UK—(ENEWSPF)–22 August 2013. Researchers have devised a mathematical model which can be used to predict films that become blockbusters or flops at the box office – up to a month before the movie is released. Their model is based on an analysis of the activity on Wikipedia pages about American films released in 2009 and 2010. They examined 312 movies, taking into account the number of page views for the movie’s article, the number of human editors contributing to the article, the number of edits made and the diversity of online users. The researchers from Oxford University, UK,  the Central European University at Budapest, and Budapest University of Technology and Economics, Hungary, have published their findings in the journal PLoS ONE.

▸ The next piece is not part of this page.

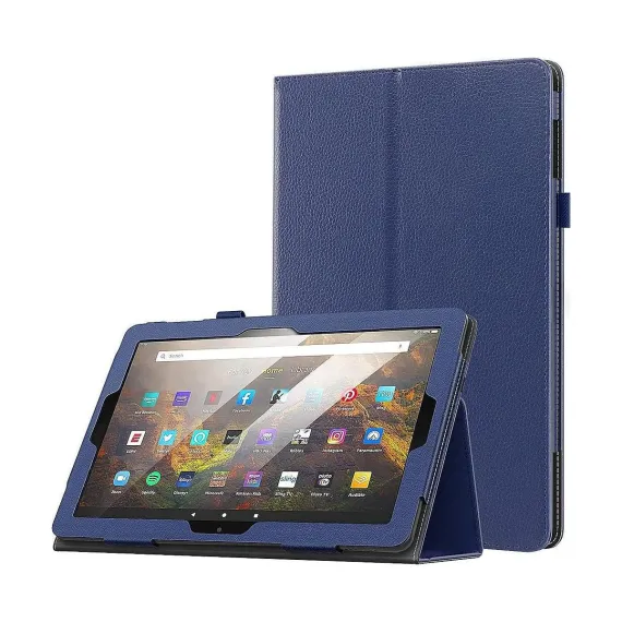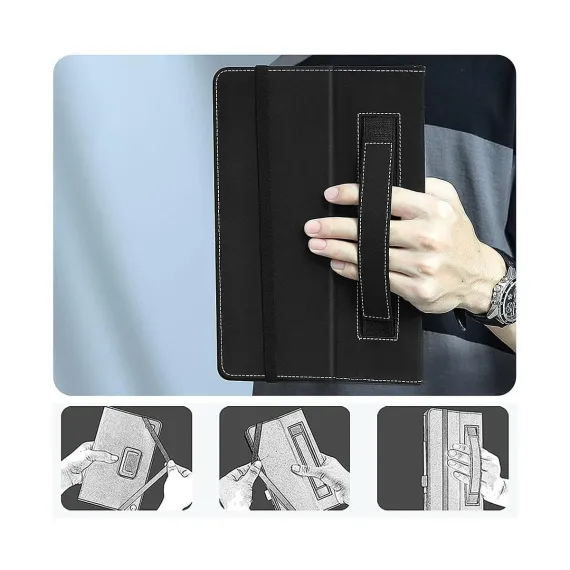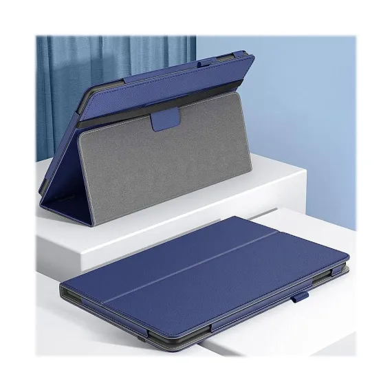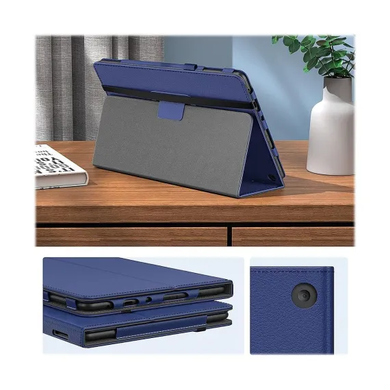 Introducing the SaharaCase bi-fold folio case for the Amazon Fire HD 10 (2023) tablet. This lightweight case offers great protection with raised edges, shielding your screen and camera lens from scratches. Crafted from Vegan leather and TPU, it withstands daily impacts. The ergonomic open button design ensures easy access to ports, while the Vegan leather material resists stretching and yellowing for lasting style. Enjoy hands-free viewing with the foldable kickstand, and a secure hold with the easy grip hand strap. The auto wake/sleep function adds convenience, and with a 1-year warranty, trust in the quality of your purchase. Compatible only with Amazon Fire HD 10 (2023), this case combines functionality and elegance for a stylish tablet experience.

The model was applied retrospectively so the researchers systematically charted the online buzz on Wikipedia around particular films and compared this with the box takings from the first weekend after release. The results of the comparison between the predicted opening weekend revenue, using their mathematical model, and the actual figures (published in Internet Movie Database (IMDb)) showed a high degree of correlation.

The more successful the show, the more accurately the researchers were able to predict box office takings. In the study, they explain that this is possibly due to the increased amount of online data generated by films that turn out to be successes. The model correctly forecast the commercial success of Iron Man 2, Alice in Wonderland, Toy Story 3 and Inception, but failed to accurately forecast the financial return on less successful movies Never Let Me Go, and Animal Kingdom.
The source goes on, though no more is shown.